High-Q impurity photon states bounded by a photonic-band-pseudogap in an optically-thick photonic-crystal slab
Se-Heon Kim, Andrew Homyk, Sameer Walavalkar, and Axel Scherer

TL;DR
This paper demonstrates that high-Q impurity photon states can be achieved in a 2D photonic-crystal slab without a full photonic band gap, by controlling in-plane modes through boundary feedback.
Contribution
It introduces a novel mechanism to attain high-Q impurity states in photonic crystals without requiring a complete band gap, using boundary feedback to suppress mode coupling.
Findings
Achieved Q factors over 10^5 in a 2D photonic-crystal slab.
Controlled in-plane mode density via boundary feedback.
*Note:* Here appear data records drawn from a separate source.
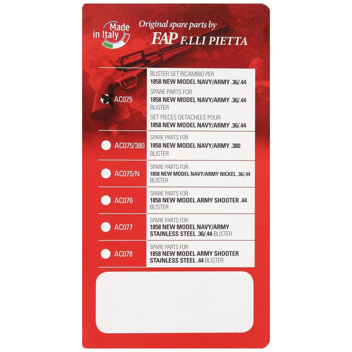- AC075 (serwis), zestaw niezbędnych części eksploatacyjnych do kapiszonowych rewolwerów czarnoprochowych 1858 Remington New Model Navy/Army .36/.44 cal firmy Pietta Arms.
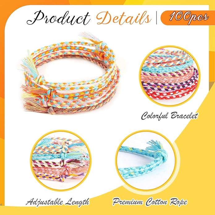 - Simple and Stylish: 200 colored friendly cotton handmade bracelets which can be worn alone or stacked at will, comfy and chic, suitable for your daily use
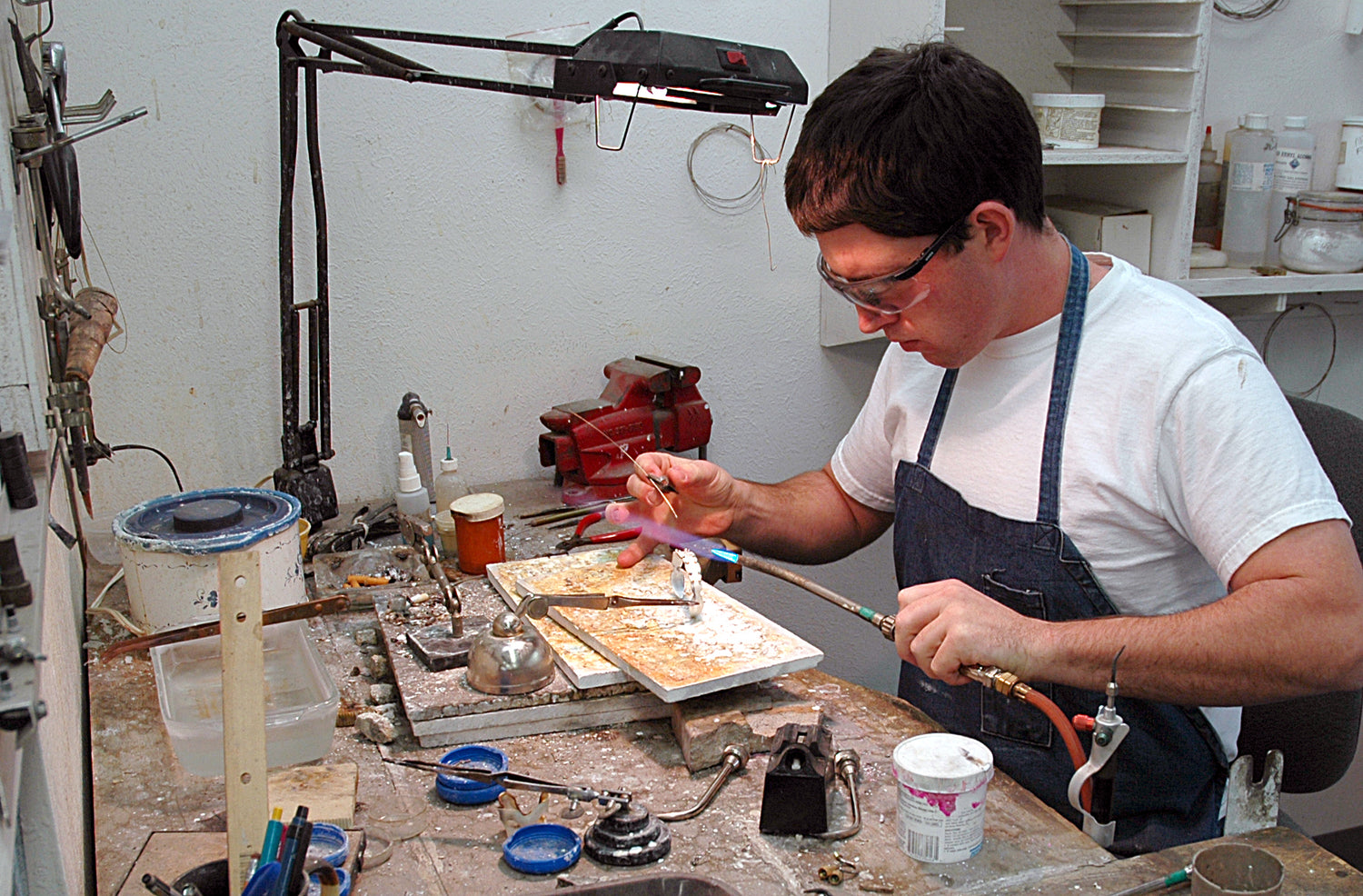 We offer repair and resizing services on pieces we’ve made. Contact us with details, and we’ll let you know how we can help.

Reduced coupling between impurity states and Bloch modes by over 40 times.
Abstract
We show that, taking a two-dimensional photonic-crystal slab system as an example, surprisingly high quality factors (Q) over 10^5 are achievable, even in the absence of a rigorous photonic-band-gap. We find that the density of in-plane Bloch modes can be controlled by creating additional photon feedback from a finite-size photonic-crystal boundary that serves as a low-Q resonator. This mechanism enables significant reduction in the coupling strength between the bound state and the extended Bloch modes by more than a factor of 40.